We're going to shave my junk and take pictures of it wearing fake mustaches we found at the dollar store. They're uncannily realistic; much better than the cockstaches of my youth.
After I was arrested and in the back of the squad, she lit a cig. I politely stuck my head through the glass opening and asked for a drag. She instantly slammed my head back, blew smoke at me and shut the glass. My view on state trooper chicks is forever tainted.
Hey, please tell me that you and dad are having actual steaks tonight and I did not just get sexted by my dad
I want to pinterest what I want to do with my pubes.
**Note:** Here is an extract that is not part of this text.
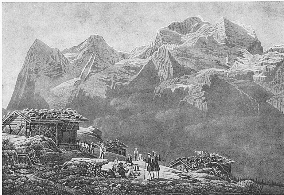
Wengernalp und Jungfrau Gruppe, Zeichnung von Gabriel Lory fils, erste Hälfte 19. Jahrhundert Wengernalp et le massif de la Jungfrau, dessin de Gabriel Lory fils, première moitié du XIX e siècle Wengernalp e gruppo della Jungfrau, disegno di Gabriel Lory figlio, prima metà del XIX secolo Wengernalp and Jungfrau group, drawing by Gabriel Lory the Younger, first half of the 19 th century

Far along, From peak to peak, the rattling crags among Leaps the live thunder! Not from one lone cloud, But every mountain now hath found a tongue, And Jura answers from her misty shroud Back to the joyous Alps, who call to her aloud!

Why isn't there a board for that?!
My plan to masturbate 34 times on my 34th birthday backfired. Do you still have those crutches?
I don't know. She kept pirouetting across the kitchen while making dinner. I just sat there stoned.
Hey. My eyes swollen shut and I can't find my shoes. How was your night?
When I die, I want you to spread my ashes at a Cracker Barrel.
Are the transvestites working the counter tonight? Last time I was there they gave me love advice.
All I'm sayin is that I don't want to raise anything. Or deal with anything. Or having anything come out of my vagina. I mean, I don't think that's asking too much.
He thought I was gay. I had to explain I just really like wearing flannel.
I don't know if I'm more disturbed by the fact that you hooked up with a dude with one arm, or that "hook up with a dude with one arm" was on your bucket list.